INDIA ART FAIRNew Delhi

February 1–3, 2013

Standing in front of Drawings on a Conversation (2012) at the Nature Morte booth in the midst of the 5th India Art Fair, one cannot help but relate its dense and chaotic weave to the general experience of art viewing in Delhi this week. Indeed, this work by Raqs Media Collective feels like inhabiting a conversation that relays back and forth—entanglement after entanglement—until its point of origin is impossible to find. While Raqs constructs an affective inquiry into collective labor, “thought signals,” and body-time relations through this recent series, the trails we can trace out here are somewhat anxious—shuttling between the gigantic tents of the India Art Fair within the exhibition grounds of the National Small Industries Corporation (NSIC) in south Delhi and the cultural venues that lie beyond.

Before arriving at the Indian capital, many had just visited the Jaipur Literature Festival, which is now considered among the major events of the literary world. The India Art Fair has steadily grown since its inception in 2008, attracting not just the routine crowd of fair-hoppers but also independent researchers, museum teams, international students, and most significantly a broad local public. Over the fair’s three-day span, the cultural cartography of Delhi greatly swells with art goers physically negotiating traffic jams and city workers to attend a gamut of openings, lectures, private viewings, special dinners, and events at international embassies.

Prior to the preview day, the Skoda Prize 2012 exhibition unveiled the works of twenty nominated artists at the National Gallery of Modern Art. Though launched only recently, with an exclusive focus on contemporary Indian art, the prize has turned out an impressive list of well-exhibited practices. Some highlights included Praneet Soi’s Astatic Machines (2011–2013), specially designed in the artist’s studio as a combination of cinematic-collage and interactive drawings—a “visual machine” inspired by Paul Klee’s whimsical “Pedagogical Sketchbook,” first published in 1923; Two Stages of Invention (2011) by CAMP, whose collective research strategies interweave the passage of ships and coastal guards within the English Chanel horizon with a theater of “leaks” in governance and the communicative mobility of corruption in contemporary India; and the delightful prints of artist and printmaker T. Venkanna, which addressed polyvalent sexuality. The Skoda Prize winner L. N. Tallur displayed a set of works invested in vocabularies of traditional crafts and their interpretive potential, extending to the contemporary rituals around use and “misuse” of “museum-ized” objects. As part of the Skoda Prize platform, a Breakthrough Artist Award, supported by the publication Art India was awarded to Delhi-based artist Rohini Devasher.

The latest edition of the India Art Fair involved a rise in South Asian participation with Dhaka-based Samdani Art Foundation presenting compelling works by Bangladeshi artists Tayeba Begum Lipi, Ayesha Sultana, and Mohammad Wahiduzzaman, in addition to one of the commissioned art projects at the fair by Mahbubur Rahman, located along the entrance façade. Titled Replacement(2013), his installation consists of a vintage ambassador car stitched over and trailed by a cloud of discarded army boots billowing out of the trunk. In its interior is a fur-lined table with a video projection narrating administrative histories of property ownership in Bangladesh, prior to nationhood and through years of military rule.

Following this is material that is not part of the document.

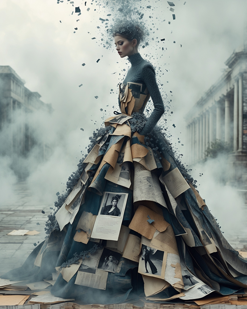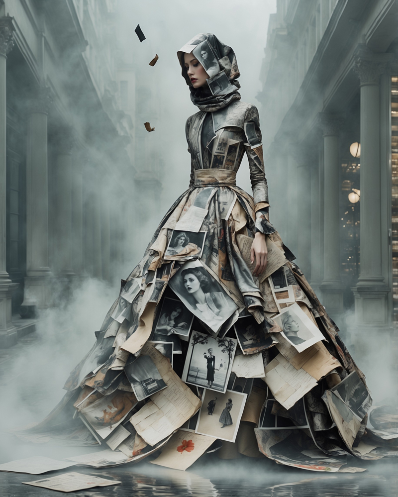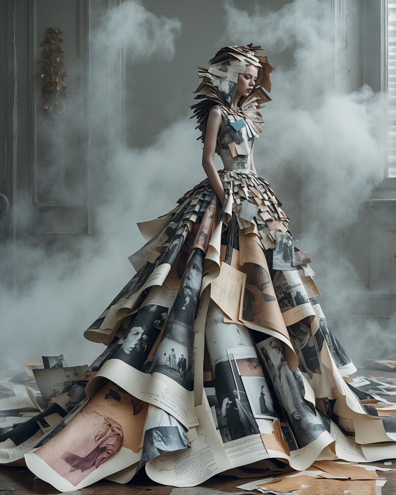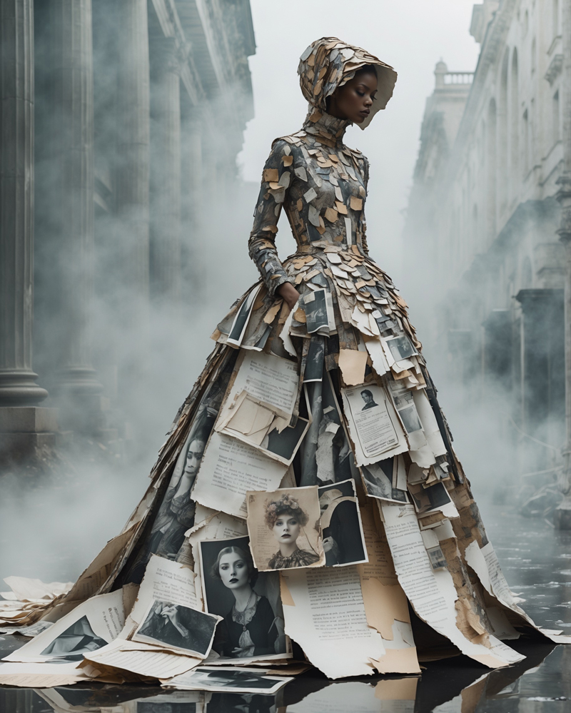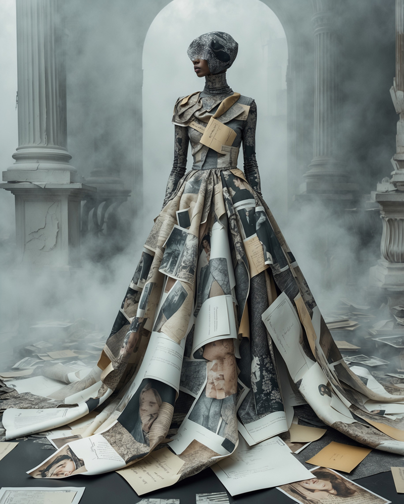 Die Gewänder bestehen aus Fragmenten – Fotografien, Seiten, Dokumente – Spuren vergangener Leben, die auf der Haut zu einer neuen Geschichte verschmelzen.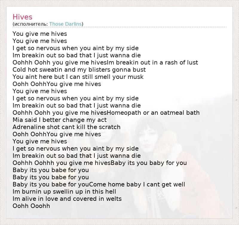 Oohhh Oohh you give me hivesIm breakin out in a rash of lust

Experimenter presented Dhaka/New York-based Naeem Mohaiemen’s Rankin Street 1953 (1,2,3) (2013) which drew from picture albums of a lost family home in Bangladesh. With image memoirs cast in sandstone moulds, the artist effectively visualizes them as sculptural abstractions: anthills, the steps of an agora, and a forest’s edge carved from silhouette figures in an exposed verandah. Just across, Hajra Waheed’s Aerial Studies (1-8) (2013) of fragile transfers on unexposed Polaroids made for interesting counterparts of “negative space” and a paradoxical vulnerability, yet both also serve as blueprints made in defiance of the real.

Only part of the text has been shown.